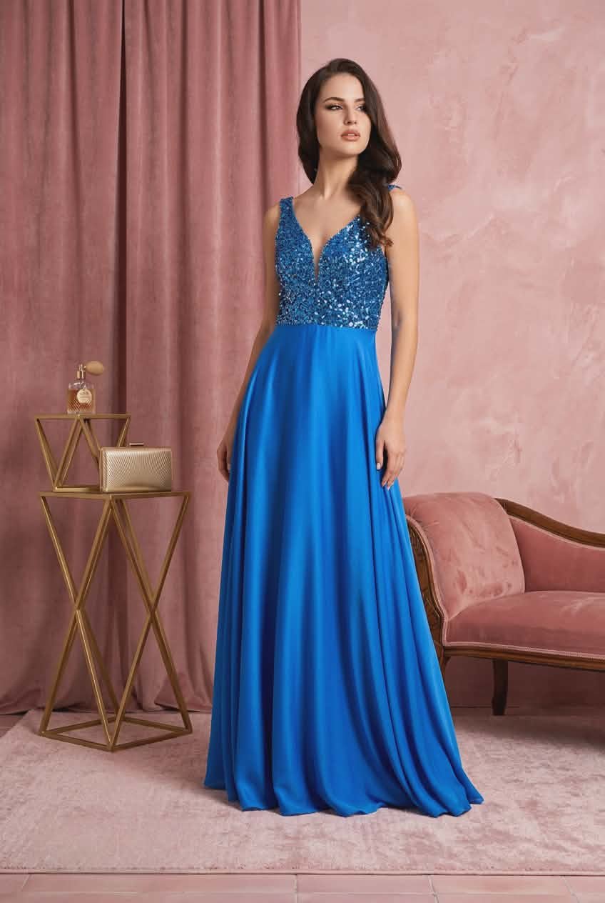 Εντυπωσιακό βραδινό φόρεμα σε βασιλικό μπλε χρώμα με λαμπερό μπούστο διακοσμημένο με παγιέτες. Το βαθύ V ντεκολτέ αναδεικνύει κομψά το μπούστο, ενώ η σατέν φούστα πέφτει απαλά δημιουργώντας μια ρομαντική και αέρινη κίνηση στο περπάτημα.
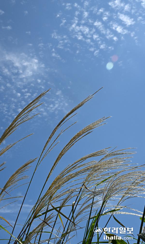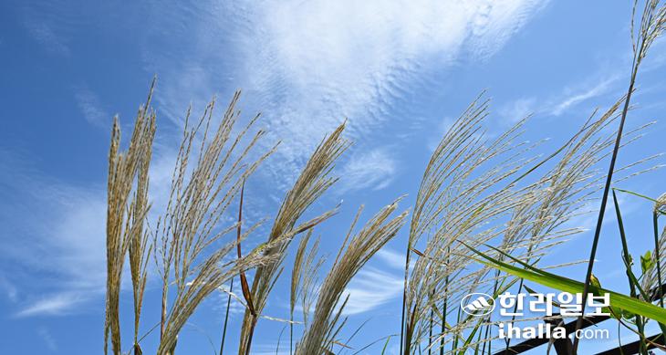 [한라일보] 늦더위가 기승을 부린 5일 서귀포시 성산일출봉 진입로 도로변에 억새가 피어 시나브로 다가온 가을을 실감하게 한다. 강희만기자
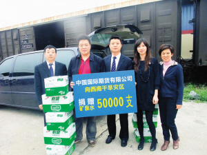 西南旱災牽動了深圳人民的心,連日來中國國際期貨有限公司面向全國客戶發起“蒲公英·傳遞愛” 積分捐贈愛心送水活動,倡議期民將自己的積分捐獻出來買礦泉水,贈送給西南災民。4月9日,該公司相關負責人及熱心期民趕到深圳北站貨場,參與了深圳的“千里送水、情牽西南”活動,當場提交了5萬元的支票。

::::::

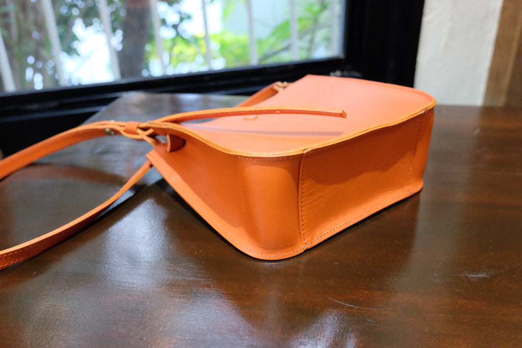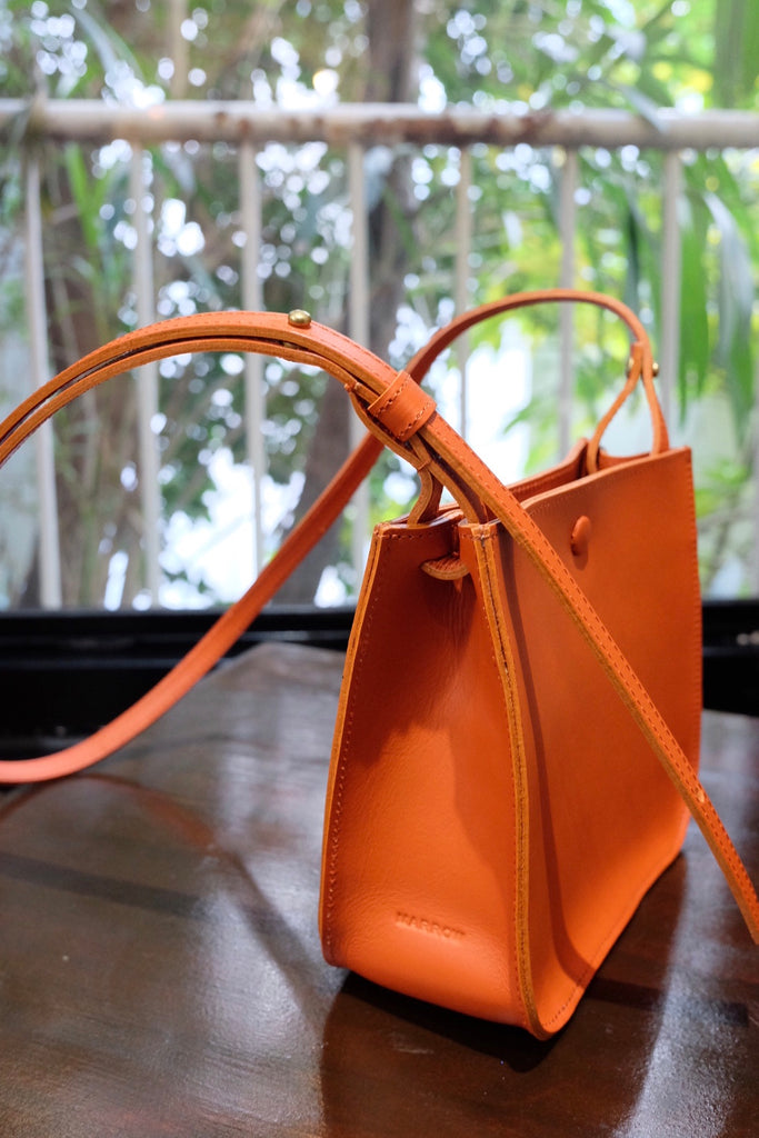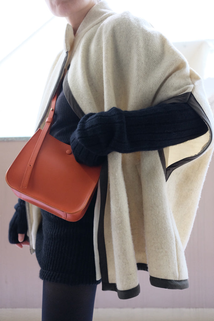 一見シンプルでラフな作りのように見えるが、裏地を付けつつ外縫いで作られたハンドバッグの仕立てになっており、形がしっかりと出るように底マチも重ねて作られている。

::::::

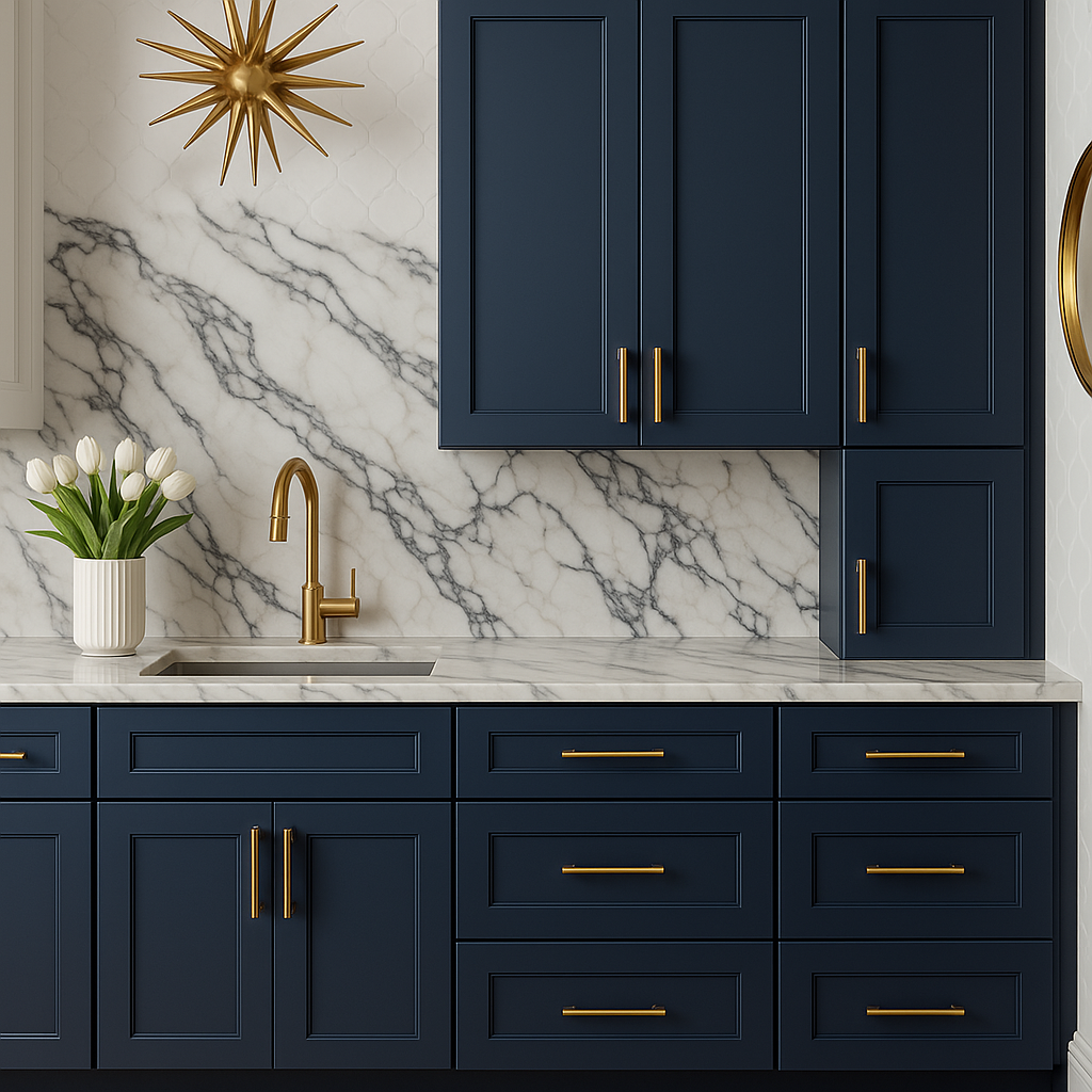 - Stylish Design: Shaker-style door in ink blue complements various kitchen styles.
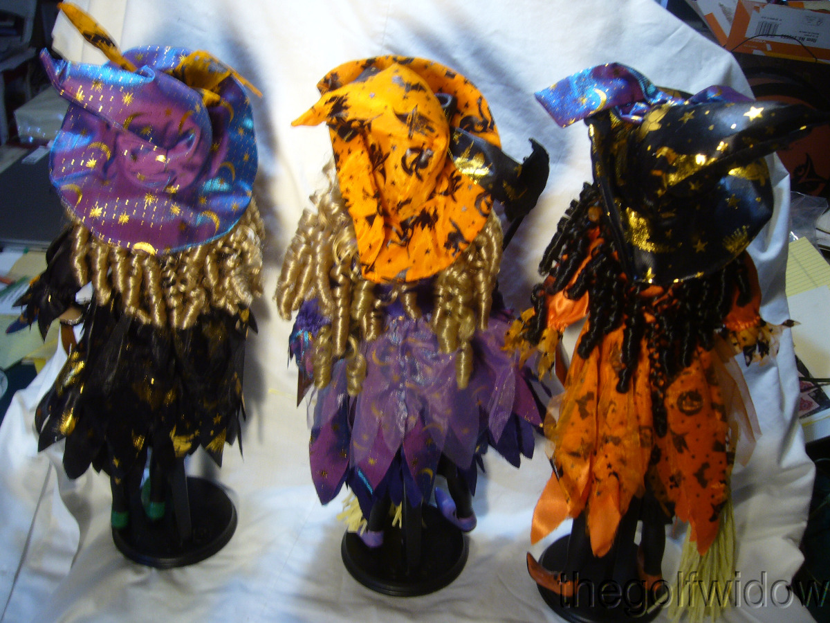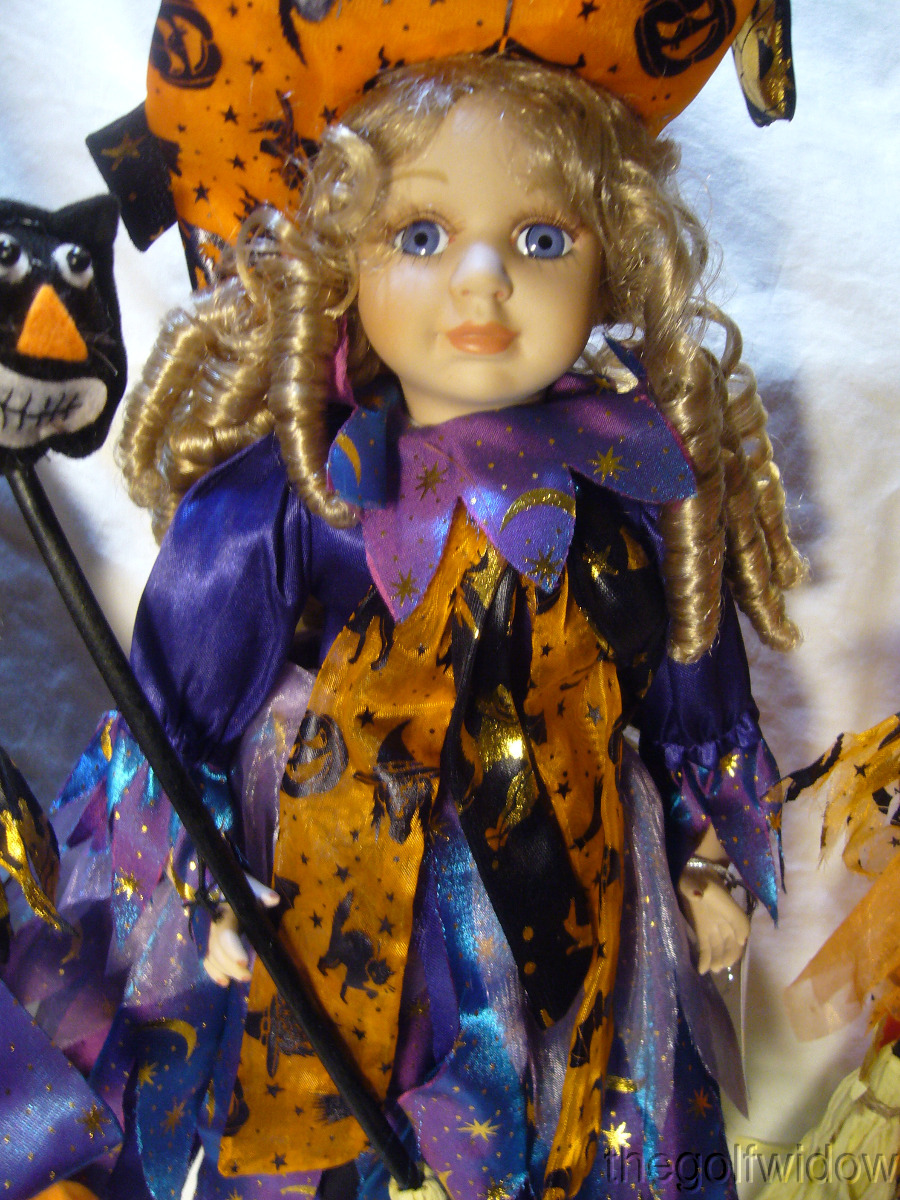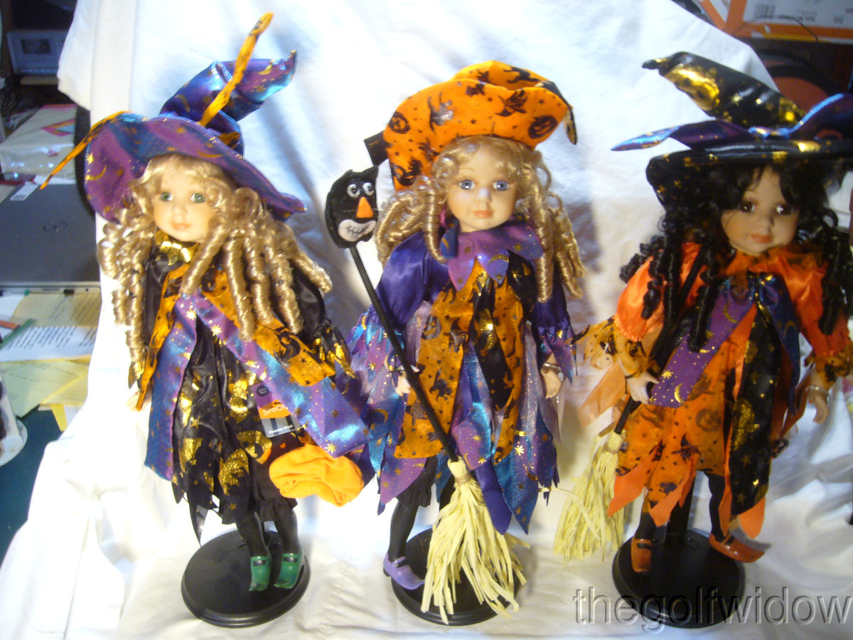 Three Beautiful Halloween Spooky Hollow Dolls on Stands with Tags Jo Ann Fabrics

::::::

**TASK REQUIREMENTS**
Text only, no pictures: please print exactly the lines above from the line with "[한라일보] 늦더위가 기승을" up to and including the line with "西南旱災牽動了深圳人民的心,連日來中國國", and nothing else.

**ANSWER SPACE**
 [한라일보] 늦더위가 기승을 부린 5일 서귀포시 성산일출봉 진입로 도로변에 억새가 피어 시나브로 다가온 가을을 실감하게 한다. 강희만기자
 西南旱災牽動了深圳人民的心,連日來中國國際期貨有限公司面向全國客戶發起“蒲公英·傳遞愛” 積分捐贈愛心送水活動,倡議期民將自己的積分捐獻出來買礦泉水,贈送給西南災民。4月9日,該公司相關負責人及熱心期民趕到深圳北站貨場,參與了深圳的“千里送水、情牽西南”活動,當場提交了5萬元的支票。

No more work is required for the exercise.